The review also included a reassessment of our actuarial techniques and assumptions for our specialty reinsurance business.  We considered whether we should continue with the use of the Bornhuetter-Ferguson actuarial method in reserving for our specialty reinsurance business or whether a different actuarial method might be more appropriate.  As a result of the review, we determined it was appropriate to continue with the use of the Bornhuetter-Ferguson actuarial method.  


To enhance the reserving for our specialty reinsurance business, we further segmented this business during the review with the aim of grouping risks into more homogeneous categories which respond to the evolution of actual exposures.

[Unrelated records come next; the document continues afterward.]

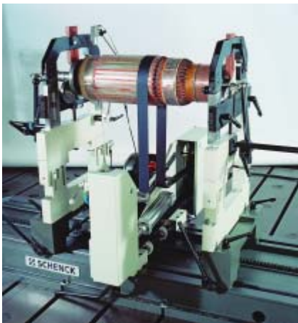
Underslung belt drive (BU)

Selection of a drive system is determined by the shape or your rotors. Combinations of different drive systems on one machine are possible. Underslung belt drives (BU)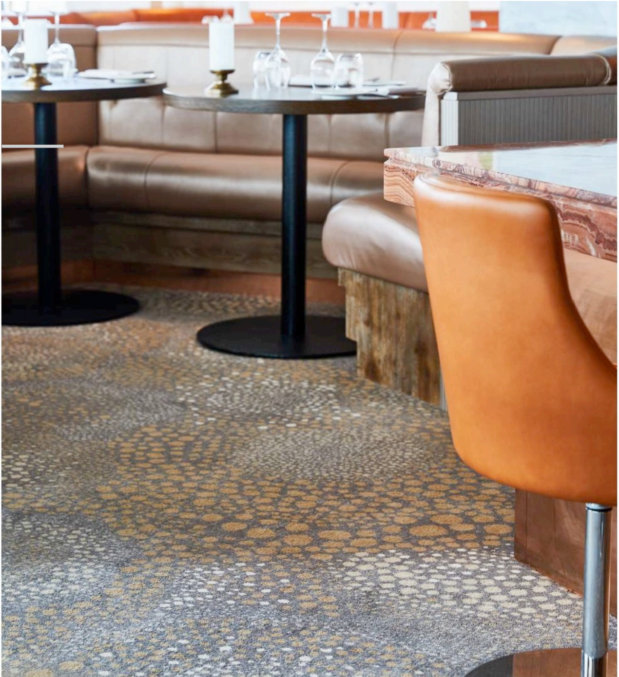
A dose up of Brintons' repeat dotted design in the Aster restaurant in Victoria, London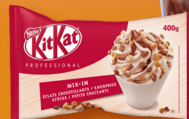
KITKAT® MIX-IN 400g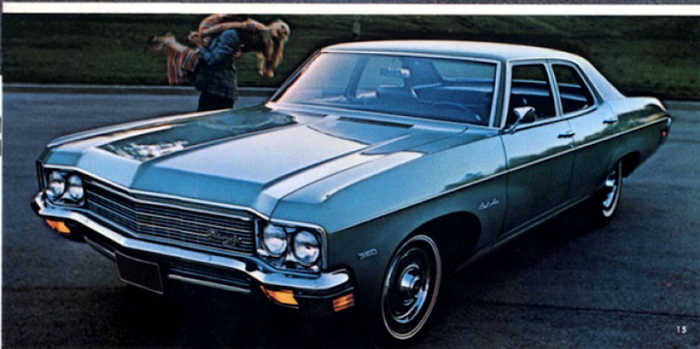
Bel Air 4-Door Sedan

The Bel Air Sport Coupe is all new for 1970. A stylish 2-Door Sport Coupe at a modest price.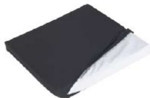
Seat cushion, climate membrane water-resistant, cover with zipper, black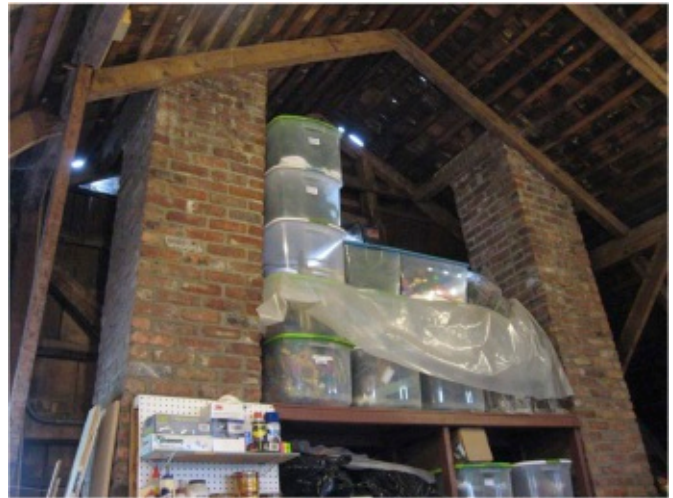
Main roof attic, looking west, with open envelope and water infiltration stains on chimneys.

product, a call was placed to Tony Bonura, CSSB District Manager, Northeast . The quality control committee learned that there were many factors to consider in a roof replacement project. These factors include condition of current roof, quality of replacement roofing materials and installation, accuracy of historical product type as well as product mill and treatment labels. The Certi-label™ product selected was Number 1 Grade Western Red Cedar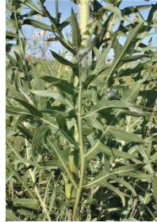
Silphium laciniatum ASTERACEAE Compass Plant N , [p. 27]

Habitat: Prairie, Blooming Period: Mid-Summer lasting about 1½ months.

This became possible as the volume of this business increased over the three preceding years.  This further segmentation required the selection of loss reporting patterns to be applied to these new groups.  We also updated our assumptions for our original loss reporting patterns based on a combination of new industry information and actual experience accumulated over the three preceding years.  The assumptions for the new loss reporting patterns were applied to all prior underwriting years.  In addition, we made explicit allowances for commuted contracts whereas previously these were considered in the overall reserving assumptions.  We also reviewed substantially all of our case reserves and additional case reserves.  The result of the foregoing was a decrease in our specialty reinsurance reserves for claims and claim expenses.  


The reserve review for our Individual Risk business followed a similar process to the specialty reinsurance review noted above.  The changes within our Individual Risk segment as a result of the reserve review were insignificant.